Published on - Guillaume De Grieve

There's something brewing between musicians and machines

With the new series Bozar Bassment, its annual Abrupt Festival and an impressive line-up, Bozar is renewing its commitment to electronic music. Whether you love spacing out to ambient or prefer the kind of heavy artillery that makes the ground shake, our autumn programme will confirm, convince and astonish you.

Abrupt Festival 

True to tradition, and in partnership with Arty Farty Brussels, we welcome the most exciting names in electronic and alternative music during Abrupt Festival. When Kali Malone released the organ album The Sacrificial Code in 2019, no one could have predicted that it would grow into an internationally acclaimed plea for slowness, focus and introspection. We have chosen the Cathedral of St. Michael and St. Gudula as a space to contemplate her contemporary ‘early music’. Francisco López is also looking back across several centuries, drawing inspiration from the dark art of Francisco de Goya. Also joining the party are Niels Orens, HIIIT x Maloca, dBridge, Pino Palladino & Blake Mills and Madison Willing.

Bozar Bassment  

Electronic music overloaded with grime, infused with techno or smeared with noise? In the perfect venue, below street level? The new series Bozar Bassment introduces a double bill every month, with live A/V in our underground Terarken Hall. On the bill is Victor De Roo, supporting the multimedia Amnesia Scanner. The IVM trio shares an interest in free improvisation, sparse ambient fantasies and brutalist club mutations. The American Kaitlyn Aurelia Smith is more at home in her own kooky world full of synthesizers. Or if you like your music a little more raw: Axontorr present their ‘research project’, including 3D-printed instruments, and the improv duo Yellow Swans rise up out of Portland’s experimental underground. 

Ambient  

Whether you prefer to close your eyes and slip into a dream world or concentrate deeply on the music, ambient is for everyone looking for a unique listening experience. 8 November promises to be another concert evening to cherish, because the world-famous producer Nicolas Jaar will be presenting Intiha, which he created with the Pakistani singer Ali Sethi. Poems from centuries gone by add depth to Jaar’s storytelling electronics. Ambient meets global. A transmusical embrace. The same could be said of the Spanish multi-instrumentalist Suso Sáiz, who has invited the Brussels-based Echo Collective to put together a solid soundscape. 

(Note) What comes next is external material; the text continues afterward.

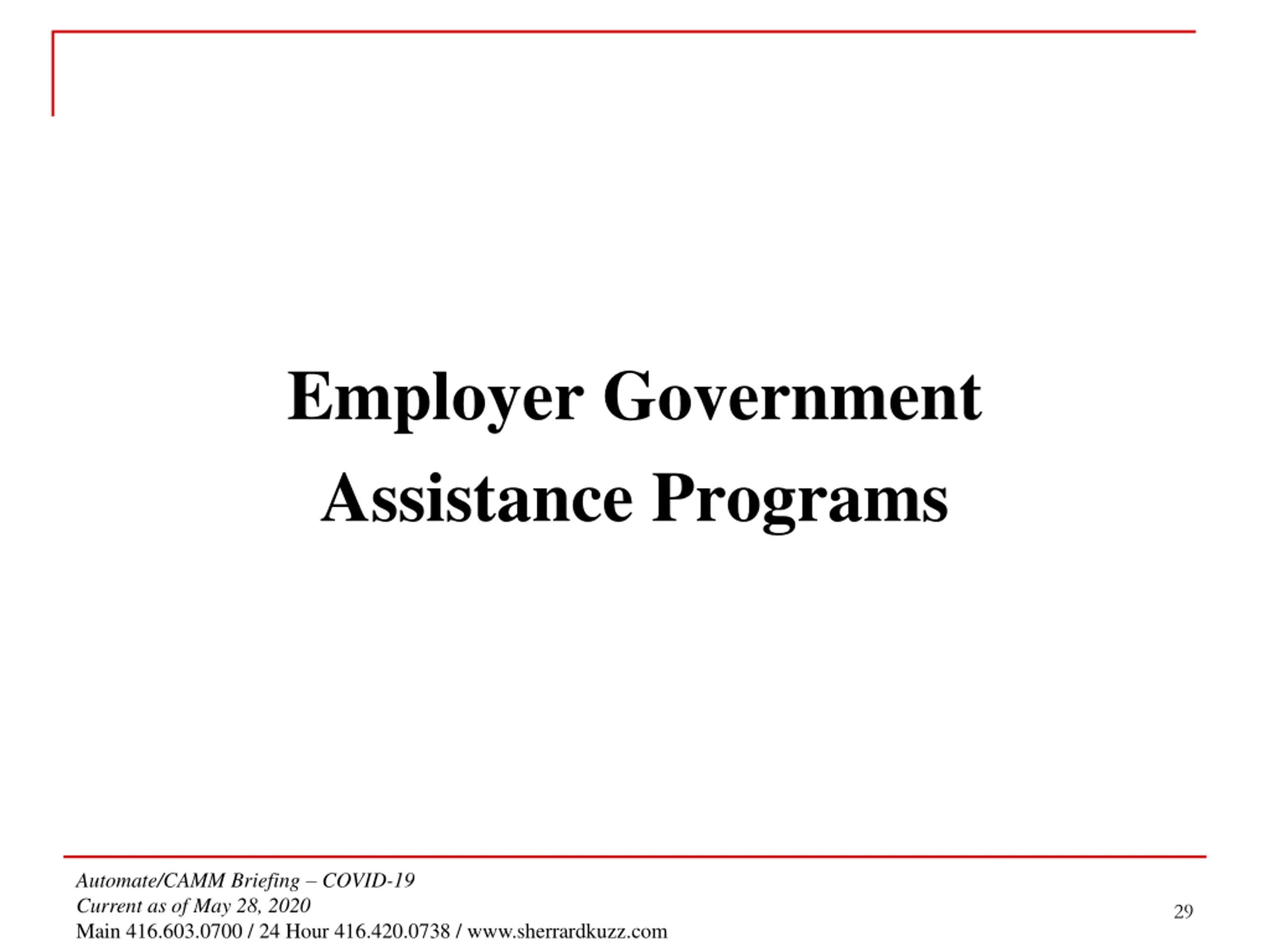 Employer Government Assistance Programs Automate/CAMM Briefing COVID-19 Current as of May 28, 2020 Main 416.603.0700 / 24 Hour 416.420.0738 / www.sherrardkuzz.com 29

Le Motel back from Vietnam 

As if all this weren’t enough, Le Motel will be presenting its project Odd Numbers live for the first time on 1 November, with Vietnamese percussionists and vocalists. The Brussels DJ and producer went travelling in Vietnam in 2023, making field recordings as he went. Back in Brussels, he added Korean poetry to what would ultimately become a collective album. One you want to listen to collectively as well.